Compared to this same week 2018 (the lowest year on record for bear incidents), bear incidents in 2019 are down by 11% and damage amounts (in dollars) are almost equal. Compared to 1998 (when incidents in the park peaked), bear incidents in 2019 are down by 97.4%, and damages are down by 99.5%.

Bear Activity Summary: July brings an abundance of berries, apples and bear activity. The wilderness has hosted most of the incidents this summer thus far. When camping in bear country, respect campsite closures and consider stacking pots and pans on your bear resistant food container(s) so that it will make noise to scare a bear away and alert you if a bear is investigating your supplies. Bear activity remains high in Yosemite Valley. Bears are foraging on raspberries, cherries and apples often near campgrounds and popular trails. Both Tuolumne Meadows and Bridalveil Creek campgrounds have had bears obtain food from the campground during the day with visitors present. It is critical to keep food within arm's reach at all times, maintain 50 yards distance from bears, and yell to scare bears that are in developed areas or approaching people.

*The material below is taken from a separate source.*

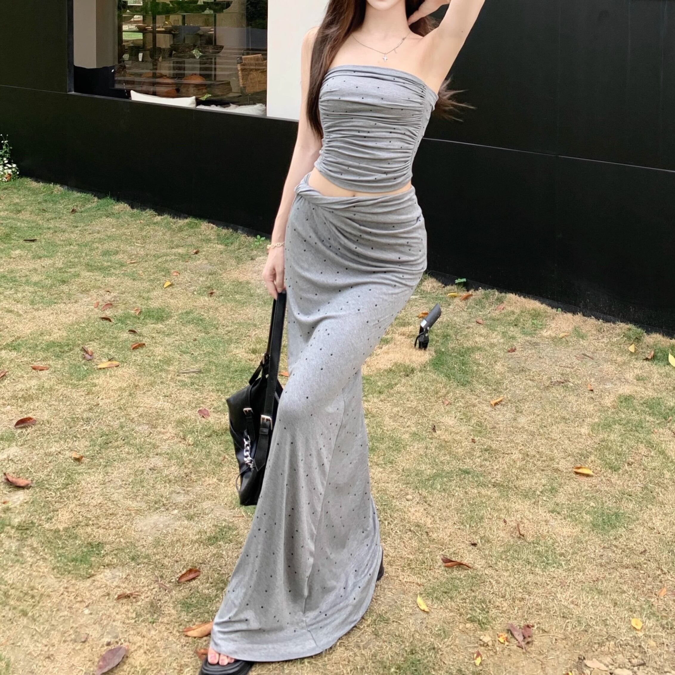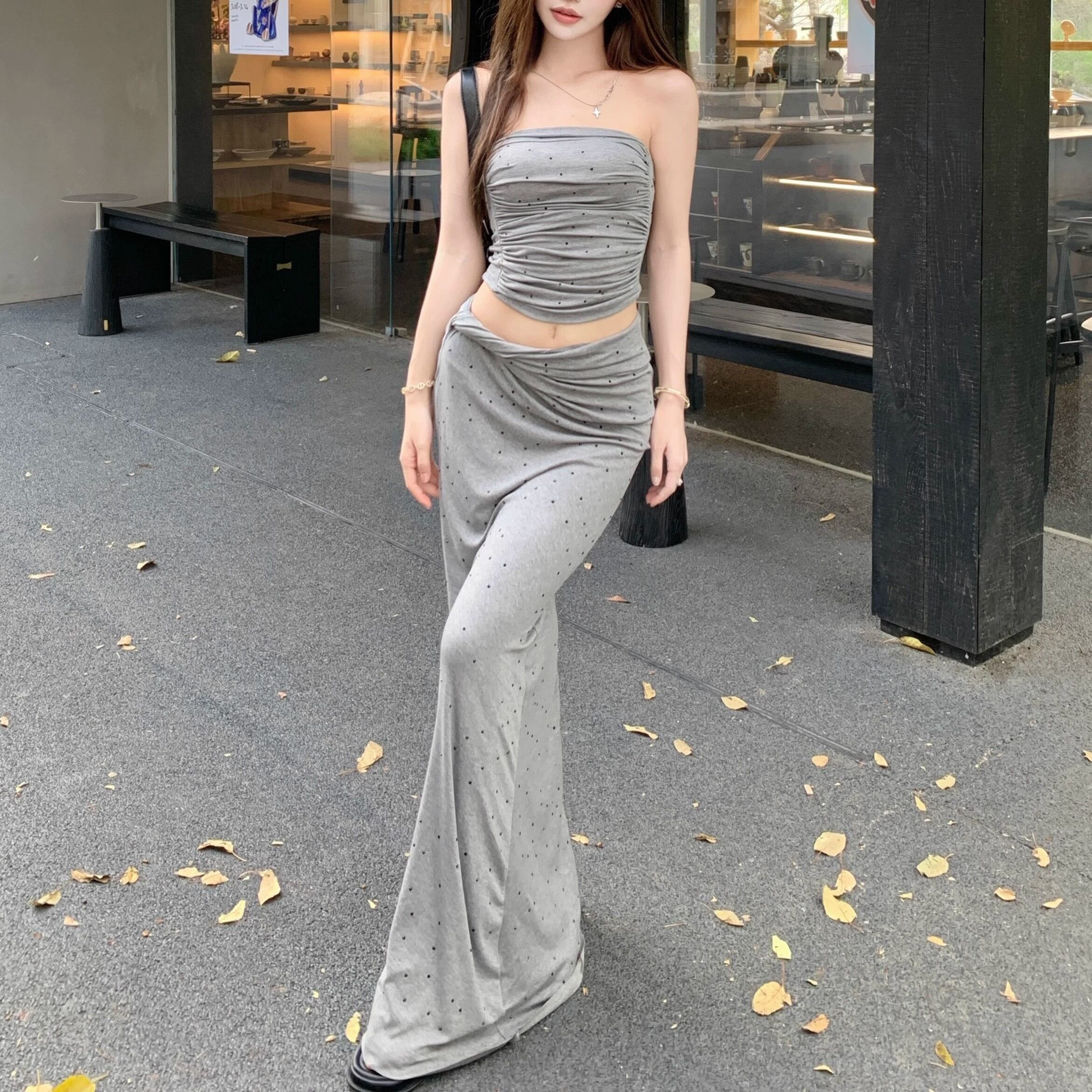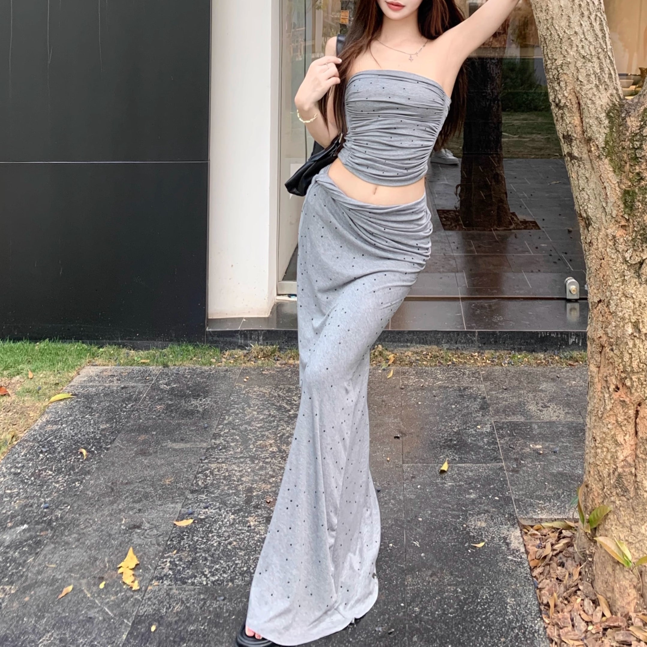 【2点セット】3色/フーディーカシュクールトップス+マーメイドスカート ・12506

Red Bear, Dead Bear: Five bear have been hit by vehicles this year. Please help protect wildlife by obeying speed limits and being prepared to stop for animals in roadways. A map of bear-hit-by-vehicle hotspots, along with other Yosemite Bear Information an be viewed at http://www.KeepBearsWild.org.

Fascinating Bear Fact: The largest mammalian carnivore that ever lived was the giant short-faced bear. Twice the size of the biggest modern bear, it stood 6’5” at the shoulder when on all fours.